苦手だからって避けてきたツケが今頃きちゃった?!
ああ、それにしてもこの男しつこい。
今度は手首を掴まれて、離してって言ってもずっと離してくれないし。
「それともお前、まさか他に誓いを立てた男がいるのか?!」
「そんなのいないわよ! もう、なんなの。付ければ良いんでしょう! 付ければ!」
「ちなみにそれ付ける場所、首だからな! なんで手首につけてるんだ」
「つける場所にまで文句言うか?!」
私はこいつの手からコイン……『女神のメダル』を奪い取って、言われた通り首につけ直した。
それを見たリオは心底ホッとしたような顔をする。
その際になにか呪文のようなものを唱えた気がしたが、そんなことよりも掴まれた手首が地味に痛いんです。
思ったより強く掴んでくれて、このバカ力が!
「……さぁ、付けたわよ。これで文句はないでしょう? さっさと離れてちょうだい! というか3メートル以上近づかないで! このストーカーやろう」
「は? ス、ストカ???」
「だいたいあんたね、横暴で強引過ぎるのよ! そんなんで女性の気持ちが動くわけが……」
「……ソア様?」
こ、この声はキエナ?!
やばい、本性(というか中身)がバレる。
「どうされたんです?」
急に黙り込んだ私の様子に、リオはニヤリと不気味な笑みを返した。
「……初めまして、こんにちは。リオ・ダンシェケルトと申します。実は私、彼女に一目会った時から、運命のようなものを強く感じておりまして、先日誓いを立てさせていただいたものです。その時に我が家に代々伝わるナターリアのメダルも、彼女は受け取ってくださったのですが、今日拙宅に来訪をお誘いしたら断られてしまいましたね。まだ照れてるのかな、はは……」
「なっ……」
この大嘘つきやろう!
まぁ私も大概だが?
キエナはリオの言葉に「まぁ!」と顔を赤くした後、自分はリペンドール家に仕えているソア付きのメイドだと丁寧に挨拶した。

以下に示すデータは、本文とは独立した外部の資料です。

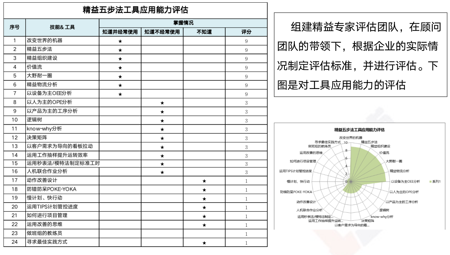 從精益五步法“準備、診斷、設計、計劃實施、持續改善” 和自我管理、團隊管理、業務管理等方面,梳理各層級人員應該掌握的技能;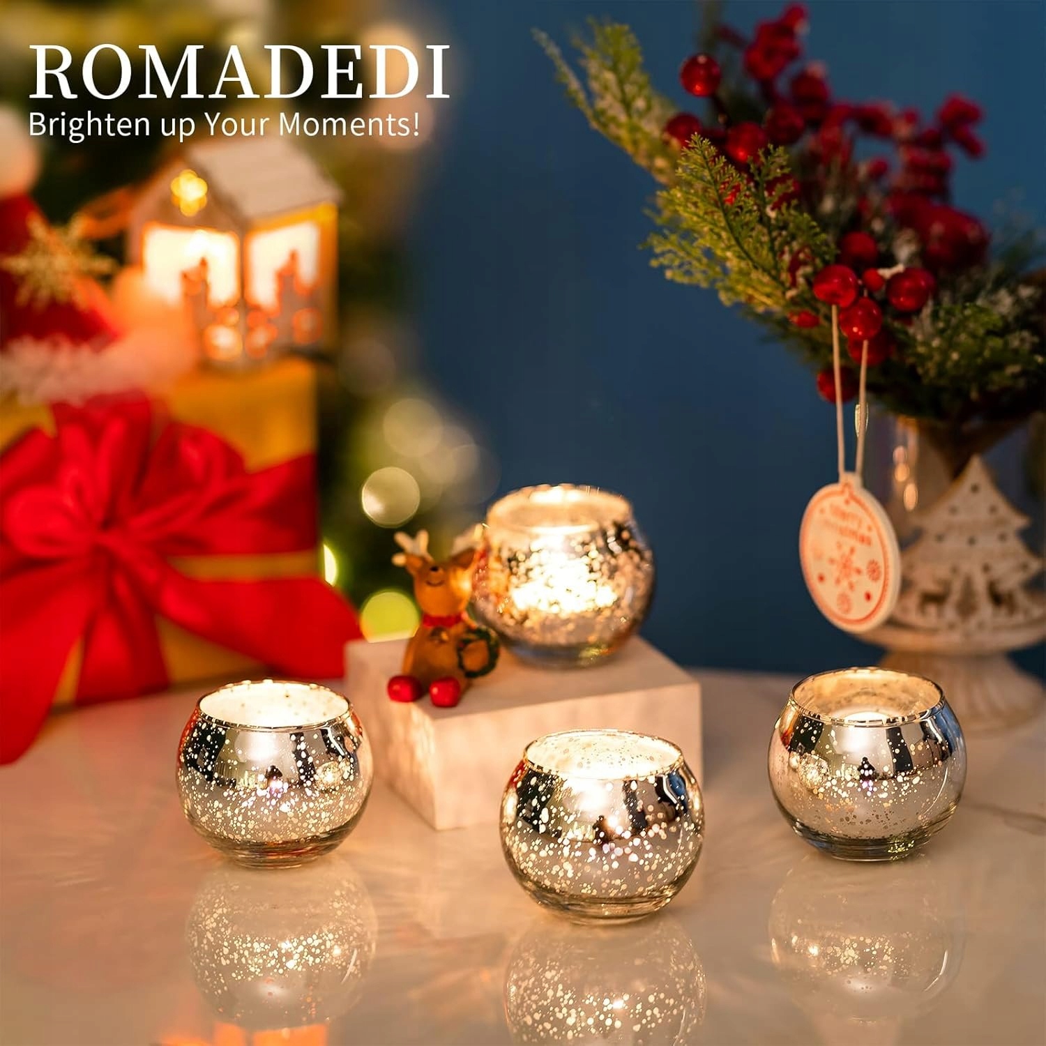 Набір Romadedi з 24 скляних свічників для обігрівачів, срібні прикраси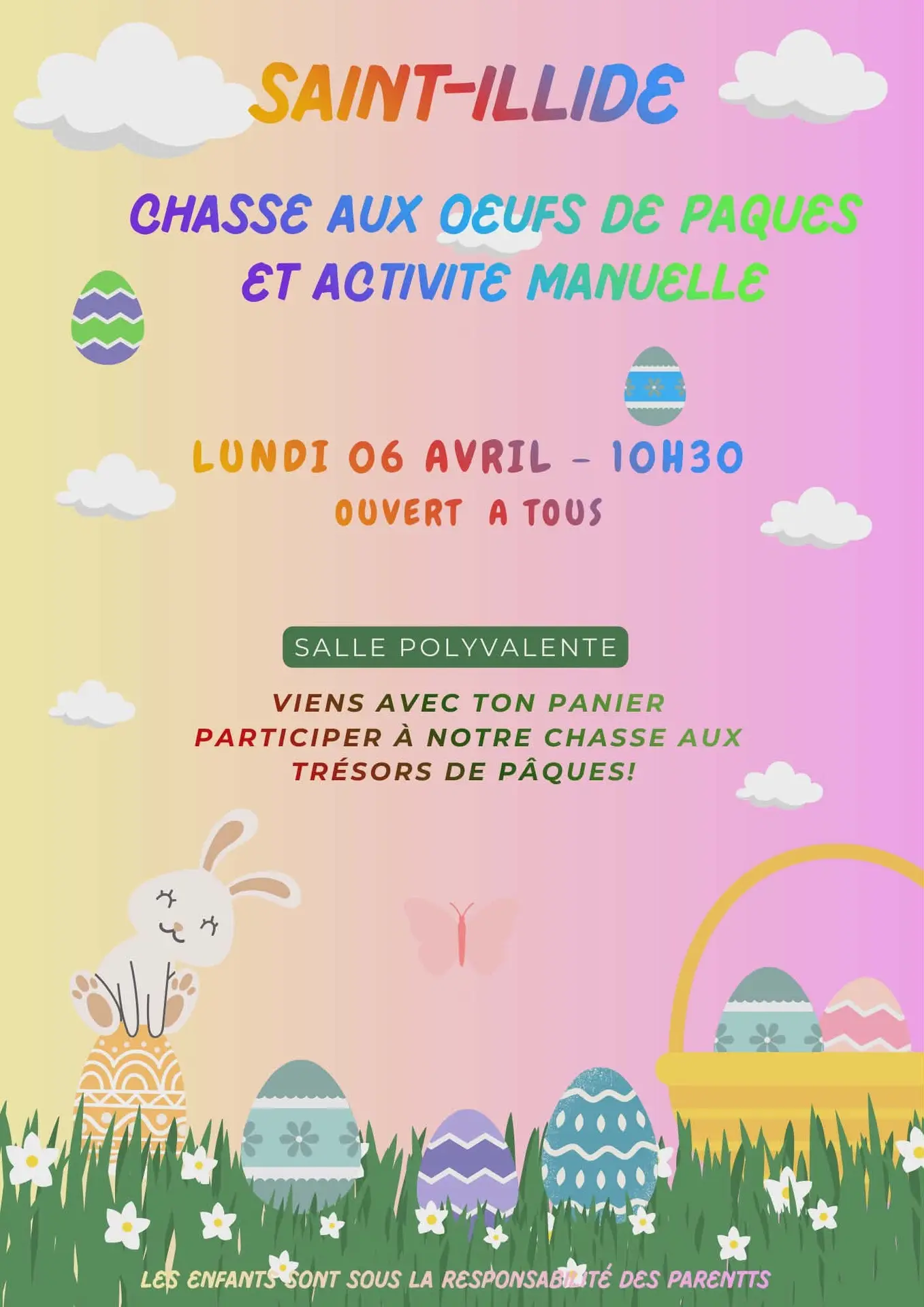 Activités manuelles et chasse aux œufs Enfants sous la responsabilité des parents. Viens avec ton panier !

「リオ様、ダンシェケルトといえば、王家に近い侯爵家でしたよね?」
「はい。ダンシェケルト家は、女神ナターリアの強い信仰を受けておりまして、好意をもった相手に誓いの証を贈る慣しがあるのです」
それ、今初めて聞きましたから。
後出しジャンケンは本当ダメですよ!
呆れるほどに身勝手な男。確か、このキャラの設定は15歳だったと思うが? この世界の15歳ってこんな感じなのか?
そんで勝手に二人で盛り上がるのやめてほしい。
それに侯爵家だかなんだか知らないが、相手の了承も得ずに一方的に贈るなし。
不条理な誓いなんて無効だ! 無効!
神だって怒りますよ、たぶん。
ああ、キエナに素情がバレるのが怖くて、何も言い出せないことが本当にもどかしい。
というかキエナ、その手に持ってる買ってきた食べ物どこかに置いたらどう?
私、さっきからずっとお腹が空いているんだけど、いったい何を買ってきてくれたの? 今食べちゃダメなやつなの? これ。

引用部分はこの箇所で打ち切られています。